With Henry VIII clauses, you have to ask whether they are justified. Here, you ask the question: how is it justified? The answer to that question is that it is not justified. I looked through the Explanatory Notes. They state:
“Part 3 Final Provisions … Clauses 37-40”—
that covers Clause 38—
“and 42 are self-explanatory”.
That is it. No doubt the clause is self-explanatory, but, with great respect, so what? Self-explanatory is no sort of justification. It is not even an attempt to justify.
Assiduously, I hunted further and found what the department’s memorandum tells us the clause is for:
“There are a number of consequential changes being made by the Bill, particularly those flowing from the addition of a new procedure for modifying neighbourhood plans, restricting the imposition of planning conditions, and amendments to compulsory purchase legislation”.
That is a very neat summary of a very complex piece of legislation, but this is the justification that the department advances:
“It is possible that not all such consequential changes have been identified in the Bill.

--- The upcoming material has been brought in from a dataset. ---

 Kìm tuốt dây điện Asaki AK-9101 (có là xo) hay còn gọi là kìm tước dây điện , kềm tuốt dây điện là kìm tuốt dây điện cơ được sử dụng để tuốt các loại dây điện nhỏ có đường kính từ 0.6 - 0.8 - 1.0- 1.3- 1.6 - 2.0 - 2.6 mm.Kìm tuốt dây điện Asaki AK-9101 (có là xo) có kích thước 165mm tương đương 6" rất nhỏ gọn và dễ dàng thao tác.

As such it is considered prudent for the Bill to contain a power to deal with these in secondary legislation”.
Is that any sort of justification?
Going back to the wording, if,
“the Secretary of State considers appropriate”,
is an entirely subjective discretion, entirely uncontrolled in any way by the legislation. Is that really what the department wants? Well, the department may want it, but we are being invited to give powers to a Secretary of State years down the line to repeal an Act of Parliament, the whole Act, the Act that noble Lords have spent four days working on in this Committee. By this provision, if it comes into force, it can all be wiped out. That is what Henry VIII means.
I repeat that I totally accept the good faith of the Minister, I accept it completely and utterly, but he will not be the Minister 10 or 20 years from now, and the list of legislation that the noble Lord, Lord Cameron, gave us reminds us of how long this legislation could last. So because the department thinks there is a vague, undefined possibility that may arise in the future, I respectfully suggest that we are being landed with a hugely dangerous piece of legislation because it is totally unjustified. Of course the future is unsure. We all know that; Shakespeare told us that. It is the most important line he wrote. We know that the future is unsure, but it is not a justification for giving literally sweeping—sweeping away—powers to the Executive. That is not how we should operate.

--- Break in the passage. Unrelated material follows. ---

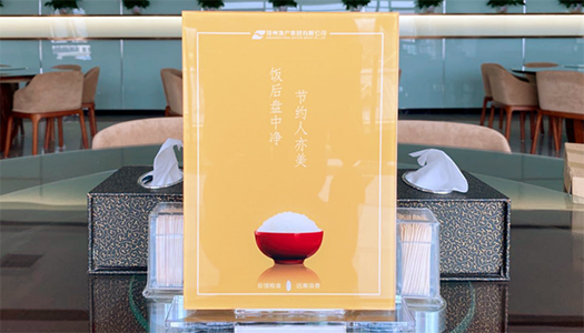 倡導并踐行餐桌文明,積極推行“分餐制、公筷制、雙筷制”;提供“半份、半價”“小份、適價”服務(wù)方式,倡導“光盤行動”;帶頭不使用一次性餐具,提供環(huán)保打包服務(wù)。

I wholly support everything that the noble and learned Lord, Lord Judge, just said, and what the noble Baroness, Lady Cumberlege, said in introducing this debate. The matter that concerns the Delegated and Regulatory Reform Committee is on page 9 of its report, at paragraph 54. Not only is the power “very wide” in scope, but it,
“is to make whatever provisions—including ones amending and repealing Acts of Parliament … We note that it has become standard practice for provisions of this type to be included near the end of a Bill”.

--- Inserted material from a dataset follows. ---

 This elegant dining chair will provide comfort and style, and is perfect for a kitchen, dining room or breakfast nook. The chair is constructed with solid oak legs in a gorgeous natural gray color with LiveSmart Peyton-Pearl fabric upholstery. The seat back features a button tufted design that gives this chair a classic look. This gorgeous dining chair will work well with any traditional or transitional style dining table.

This is appearing all the time. It is really an insurance policy: “We might make a mistake, and if we make a mistake we do not want to have the trouble of admitting it; we will just get some secondary instrument through Parliament, and that will be all that we have to do”. That is not a sufficient justification for such a wide power.
The committee suggested that at the very least, the power could be restricted by some type of objective test of necessity: to where it is necessary—to “where we have made a mistake” if you like—or to where something important has been omitted. We need something that gives substantive limitation to such a widely expressed power.